ASSIGNMENT: From the records below, take each line where the string "serat" shows up and copy it.

[Stored data]
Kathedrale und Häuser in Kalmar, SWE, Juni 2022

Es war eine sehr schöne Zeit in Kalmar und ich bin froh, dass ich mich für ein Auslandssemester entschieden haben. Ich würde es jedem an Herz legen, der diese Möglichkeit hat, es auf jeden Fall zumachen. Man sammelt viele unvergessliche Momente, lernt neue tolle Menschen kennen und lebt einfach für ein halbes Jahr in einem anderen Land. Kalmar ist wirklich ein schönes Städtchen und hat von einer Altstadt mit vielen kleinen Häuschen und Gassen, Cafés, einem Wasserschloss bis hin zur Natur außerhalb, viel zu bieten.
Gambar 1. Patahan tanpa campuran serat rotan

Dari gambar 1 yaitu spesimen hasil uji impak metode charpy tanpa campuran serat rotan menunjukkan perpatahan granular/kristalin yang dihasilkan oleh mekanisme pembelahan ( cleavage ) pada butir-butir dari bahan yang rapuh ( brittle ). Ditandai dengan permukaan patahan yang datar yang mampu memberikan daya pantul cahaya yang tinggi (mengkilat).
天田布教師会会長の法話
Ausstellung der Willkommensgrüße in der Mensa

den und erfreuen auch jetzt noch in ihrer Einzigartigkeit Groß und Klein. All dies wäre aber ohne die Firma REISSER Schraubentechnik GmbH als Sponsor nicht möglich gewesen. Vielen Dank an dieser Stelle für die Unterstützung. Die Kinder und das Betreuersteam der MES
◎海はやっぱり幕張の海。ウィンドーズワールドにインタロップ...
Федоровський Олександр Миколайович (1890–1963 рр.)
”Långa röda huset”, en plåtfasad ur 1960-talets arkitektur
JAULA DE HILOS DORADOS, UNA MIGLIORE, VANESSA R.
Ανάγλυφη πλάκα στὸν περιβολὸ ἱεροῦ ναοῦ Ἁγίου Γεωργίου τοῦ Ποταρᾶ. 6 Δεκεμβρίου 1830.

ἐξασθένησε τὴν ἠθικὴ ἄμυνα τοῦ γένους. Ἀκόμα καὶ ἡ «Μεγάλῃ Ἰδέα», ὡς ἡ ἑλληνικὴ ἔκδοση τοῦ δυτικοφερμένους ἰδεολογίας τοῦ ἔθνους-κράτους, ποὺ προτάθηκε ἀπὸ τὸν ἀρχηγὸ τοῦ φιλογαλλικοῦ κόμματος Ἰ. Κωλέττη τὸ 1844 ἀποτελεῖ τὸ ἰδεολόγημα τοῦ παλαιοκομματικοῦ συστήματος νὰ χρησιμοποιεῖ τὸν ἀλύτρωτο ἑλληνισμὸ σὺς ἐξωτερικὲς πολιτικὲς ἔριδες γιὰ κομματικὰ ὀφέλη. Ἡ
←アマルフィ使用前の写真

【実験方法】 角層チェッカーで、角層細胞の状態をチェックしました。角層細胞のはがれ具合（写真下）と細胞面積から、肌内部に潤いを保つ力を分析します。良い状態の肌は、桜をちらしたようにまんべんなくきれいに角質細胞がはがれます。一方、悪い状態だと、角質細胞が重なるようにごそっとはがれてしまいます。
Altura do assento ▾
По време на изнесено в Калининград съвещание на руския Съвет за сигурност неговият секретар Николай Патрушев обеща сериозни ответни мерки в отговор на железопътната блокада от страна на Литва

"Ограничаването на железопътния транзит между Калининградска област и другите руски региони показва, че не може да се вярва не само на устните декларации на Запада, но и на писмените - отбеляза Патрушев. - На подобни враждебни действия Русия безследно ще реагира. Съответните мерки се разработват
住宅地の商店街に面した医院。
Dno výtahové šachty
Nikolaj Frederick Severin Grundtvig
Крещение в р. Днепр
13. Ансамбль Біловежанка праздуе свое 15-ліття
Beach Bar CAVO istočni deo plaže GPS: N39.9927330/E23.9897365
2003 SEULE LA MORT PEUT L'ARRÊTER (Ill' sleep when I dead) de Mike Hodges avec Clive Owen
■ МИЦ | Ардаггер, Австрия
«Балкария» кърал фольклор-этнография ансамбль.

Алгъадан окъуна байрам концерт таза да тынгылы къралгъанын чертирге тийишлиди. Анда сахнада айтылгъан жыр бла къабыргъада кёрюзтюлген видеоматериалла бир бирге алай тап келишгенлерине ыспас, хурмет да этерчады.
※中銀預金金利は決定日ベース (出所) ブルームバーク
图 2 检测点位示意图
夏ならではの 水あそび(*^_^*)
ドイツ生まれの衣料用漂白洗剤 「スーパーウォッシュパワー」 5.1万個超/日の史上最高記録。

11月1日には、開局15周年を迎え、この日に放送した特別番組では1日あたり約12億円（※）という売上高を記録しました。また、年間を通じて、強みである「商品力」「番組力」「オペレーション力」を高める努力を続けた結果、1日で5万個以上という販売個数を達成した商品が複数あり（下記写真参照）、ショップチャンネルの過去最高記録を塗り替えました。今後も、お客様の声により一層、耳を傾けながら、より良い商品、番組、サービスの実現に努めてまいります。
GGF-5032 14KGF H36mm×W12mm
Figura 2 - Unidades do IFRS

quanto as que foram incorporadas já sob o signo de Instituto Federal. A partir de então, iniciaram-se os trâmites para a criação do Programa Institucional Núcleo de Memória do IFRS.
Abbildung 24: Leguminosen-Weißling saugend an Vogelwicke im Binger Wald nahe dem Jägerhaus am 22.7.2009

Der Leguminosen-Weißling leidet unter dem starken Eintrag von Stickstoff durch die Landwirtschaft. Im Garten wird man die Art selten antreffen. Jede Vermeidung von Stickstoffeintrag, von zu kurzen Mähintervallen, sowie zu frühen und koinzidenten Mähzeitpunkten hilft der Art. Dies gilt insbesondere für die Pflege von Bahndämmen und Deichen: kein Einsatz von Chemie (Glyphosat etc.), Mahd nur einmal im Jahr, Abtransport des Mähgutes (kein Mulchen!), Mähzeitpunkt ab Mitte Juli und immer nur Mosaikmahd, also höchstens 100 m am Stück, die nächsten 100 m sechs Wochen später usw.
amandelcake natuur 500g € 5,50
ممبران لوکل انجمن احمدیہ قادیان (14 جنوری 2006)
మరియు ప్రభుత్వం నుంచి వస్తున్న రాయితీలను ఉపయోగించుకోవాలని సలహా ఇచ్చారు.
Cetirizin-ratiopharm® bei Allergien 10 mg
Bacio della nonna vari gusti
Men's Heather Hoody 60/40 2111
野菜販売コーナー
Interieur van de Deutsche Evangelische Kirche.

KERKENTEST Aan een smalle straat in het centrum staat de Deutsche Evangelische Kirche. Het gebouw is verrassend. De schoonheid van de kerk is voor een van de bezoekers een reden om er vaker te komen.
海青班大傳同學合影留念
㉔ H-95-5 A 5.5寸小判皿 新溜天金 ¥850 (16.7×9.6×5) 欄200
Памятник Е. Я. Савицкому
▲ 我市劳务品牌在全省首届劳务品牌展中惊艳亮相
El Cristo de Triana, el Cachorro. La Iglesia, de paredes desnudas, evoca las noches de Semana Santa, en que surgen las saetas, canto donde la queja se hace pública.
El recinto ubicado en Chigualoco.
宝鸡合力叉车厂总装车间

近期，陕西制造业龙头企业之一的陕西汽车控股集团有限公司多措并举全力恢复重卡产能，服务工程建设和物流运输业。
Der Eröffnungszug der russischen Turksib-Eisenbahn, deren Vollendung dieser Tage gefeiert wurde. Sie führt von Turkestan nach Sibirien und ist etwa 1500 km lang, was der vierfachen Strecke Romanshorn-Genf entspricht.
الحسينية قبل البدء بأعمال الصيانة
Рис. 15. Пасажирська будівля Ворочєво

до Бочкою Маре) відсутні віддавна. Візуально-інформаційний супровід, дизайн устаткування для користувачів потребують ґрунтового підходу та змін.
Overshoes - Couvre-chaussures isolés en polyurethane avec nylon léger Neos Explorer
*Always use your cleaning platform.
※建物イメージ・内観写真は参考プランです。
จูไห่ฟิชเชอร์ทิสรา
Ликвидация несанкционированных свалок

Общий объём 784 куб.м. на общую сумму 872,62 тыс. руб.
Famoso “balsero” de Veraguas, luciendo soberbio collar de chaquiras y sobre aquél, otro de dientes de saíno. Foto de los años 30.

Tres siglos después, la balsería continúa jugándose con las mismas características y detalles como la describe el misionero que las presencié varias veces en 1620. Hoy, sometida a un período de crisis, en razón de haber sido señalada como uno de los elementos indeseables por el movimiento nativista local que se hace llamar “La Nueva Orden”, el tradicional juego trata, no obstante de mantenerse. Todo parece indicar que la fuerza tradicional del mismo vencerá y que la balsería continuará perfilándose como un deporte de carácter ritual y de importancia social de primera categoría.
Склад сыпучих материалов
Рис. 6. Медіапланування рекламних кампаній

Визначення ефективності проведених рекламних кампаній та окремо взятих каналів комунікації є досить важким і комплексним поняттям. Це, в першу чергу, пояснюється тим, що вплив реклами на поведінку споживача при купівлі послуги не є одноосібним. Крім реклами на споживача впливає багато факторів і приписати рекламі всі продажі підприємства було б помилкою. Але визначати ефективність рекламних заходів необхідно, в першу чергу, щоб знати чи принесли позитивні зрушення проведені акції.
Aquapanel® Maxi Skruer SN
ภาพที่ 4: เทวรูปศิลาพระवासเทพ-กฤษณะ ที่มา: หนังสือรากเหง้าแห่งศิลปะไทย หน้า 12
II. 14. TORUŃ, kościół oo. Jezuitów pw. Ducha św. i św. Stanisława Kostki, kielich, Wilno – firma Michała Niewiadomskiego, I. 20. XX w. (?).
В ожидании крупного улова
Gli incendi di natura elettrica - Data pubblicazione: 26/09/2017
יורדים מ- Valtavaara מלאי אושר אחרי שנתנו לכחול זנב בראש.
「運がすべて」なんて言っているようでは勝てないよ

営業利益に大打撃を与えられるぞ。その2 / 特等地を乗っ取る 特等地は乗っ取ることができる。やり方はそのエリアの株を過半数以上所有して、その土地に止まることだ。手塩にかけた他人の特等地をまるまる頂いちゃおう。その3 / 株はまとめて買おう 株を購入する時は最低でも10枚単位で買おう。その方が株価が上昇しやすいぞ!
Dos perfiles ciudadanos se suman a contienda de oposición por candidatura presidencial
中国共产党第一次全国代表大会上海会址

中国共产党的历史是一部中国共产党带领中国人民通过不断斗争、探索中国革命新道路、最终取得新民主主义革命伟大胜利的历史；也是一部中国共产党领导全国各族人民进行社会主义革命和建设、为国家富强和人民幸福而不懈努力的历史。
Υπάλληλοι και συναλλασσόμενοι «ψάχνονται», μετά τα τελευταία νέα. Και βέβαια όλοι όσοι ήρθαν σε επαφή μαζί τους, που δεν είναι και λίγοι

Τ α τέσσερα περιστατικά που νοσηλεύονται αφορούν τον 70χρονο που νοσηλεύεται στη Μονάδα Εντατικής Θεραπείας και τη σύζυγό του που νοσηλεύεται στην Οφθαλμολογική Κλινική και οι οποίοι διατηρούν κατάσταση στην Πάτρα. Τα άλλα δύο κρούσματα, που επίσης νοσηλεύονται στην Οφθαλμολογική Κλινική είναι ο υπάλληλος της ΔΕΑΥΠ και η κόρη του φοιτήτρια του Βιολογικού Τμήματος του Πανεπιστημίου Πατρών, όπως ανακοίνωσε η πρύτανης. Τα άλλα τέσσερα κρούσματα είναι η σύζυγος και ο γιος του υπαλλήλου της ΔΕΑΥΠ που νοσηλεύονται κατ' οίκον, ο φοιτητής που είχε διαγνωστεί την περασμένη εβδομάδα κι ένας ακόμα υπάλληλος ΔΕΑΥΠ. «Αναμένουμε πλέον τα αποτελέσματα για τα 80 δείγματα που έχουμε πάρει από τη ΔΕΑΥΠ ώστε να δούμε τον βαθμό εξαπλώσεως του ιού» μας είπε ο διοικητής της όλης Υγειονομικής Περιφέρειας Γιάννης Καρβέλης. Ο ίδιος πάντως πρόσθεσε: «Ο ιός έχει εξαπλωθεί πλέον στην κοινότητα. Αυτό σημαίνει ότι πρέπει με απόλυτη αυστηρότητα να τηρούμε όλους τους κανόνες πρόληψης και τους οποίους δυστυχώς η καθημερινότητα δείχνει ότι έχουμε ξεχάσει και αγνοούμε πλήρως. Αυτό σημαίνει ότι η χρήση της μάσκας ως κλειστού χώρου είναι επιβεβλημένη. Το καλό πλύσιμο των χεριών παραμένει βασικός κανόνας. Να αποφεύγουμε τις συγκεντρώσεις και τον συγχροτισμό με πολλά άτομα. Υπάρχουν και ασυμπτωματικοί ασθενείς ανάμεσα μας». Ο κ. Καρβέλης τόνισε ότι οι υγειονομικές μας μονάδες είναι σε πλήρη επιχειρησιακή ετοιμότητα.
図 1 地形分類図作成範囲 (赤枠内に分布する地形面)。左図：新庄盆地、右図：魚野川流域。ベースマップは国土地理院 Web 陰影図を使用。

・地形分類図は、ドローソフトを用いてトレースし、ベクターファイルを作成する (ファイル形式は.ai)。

OUTPUT BELOW:
Gambar 1. Patahan tanpa campuran serat rotan
Dari gambar 1 yaitu spesimen hasil uji impak metode charpy tanpa campuran serat rotan menunjukkan perpatahan granular/kristalin yang dihasilkan oleh mekanisme pembelahan ( cleavage ) pada butir-butir dari bahan yang rapuh ( brittle ). Ditandai dengan permukaan patahan yang datar yang mampu memberikan daya pantul cahaya yang tinggi (mengkilat).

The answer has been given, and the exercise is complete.